All eo's, by weight:
orange .1 oz
palmarosa .25 oz
bay .05
clove .05
ylang ylang .5
lime .05

I need 1.5 ounces total, have only 1.05. So will top it with more of some of the above.

here, sniff this and tell me how you like it so far:


----------



## Ollieblue (Nov 12, 2009)

.............


----------



## artisan soaps (Nov 12, 2009)

..


----------



## Bubbles Galore (Nov 13, 2009)

Mmmmm, looks yummy.

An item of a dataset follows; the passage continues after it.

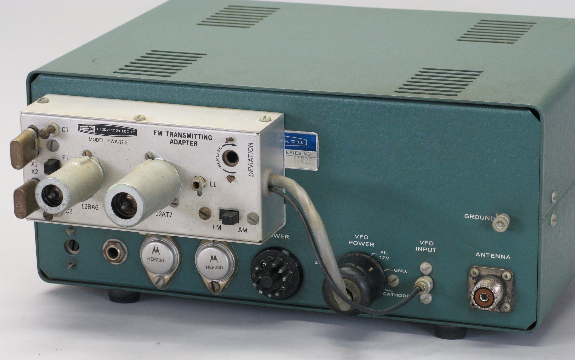 The only rear panel control is a meter zero adjustment. Rear panel connections include RCA jacks for a VFO and a 50-75Ω antenna, an 11-pin power socket for a VFO, octal power plug for power input, and a quarter inch headphone jack. The HW-17 was offered with an optional DC power supply (HWA-17-1) and an optional FM adapter (HWA-17-2)—a tube-type unit that mounted outboard on the rear panel.

Wish I had sniffaputer.  :wink:


----------



## vivcarm (Nov 15, 2009)

They look beautiful and I bet they smell gorgeous too!


----------



## soapbubble (Nov 16, 2009)

Mmmmmmmmmmmm.....ylang ylang!!   

beautiful soap!


----------



## topcat (Nov 16, 2009)

That's just gorgeous Diane!  I wish I could smell it but my smellivison is broke atm 

Tanya


----------



## Zenobiah (Nov 18, 2009)

Ditto what artisan soaps said.


----------



## Woodi (Dec 1, 2009)

oh, artisan's comment is gone!....now I wonder what she said.....

did you take it back, artisan?


----------



## Bubbles Galore (Dec 2, 2009)

All of Artisan's posts are gone.


----------



## MagiaDellaLuna (Dec 2, 2009)

Bubbles Galore said:
			
		

> All of Artisan's posts are gone.



I wondered what had happened to her. That is a real pity.


----------



## MagiaDellaLuna (Dec 2, 2009)

I have also not seen Absinthe in quite a while.


----------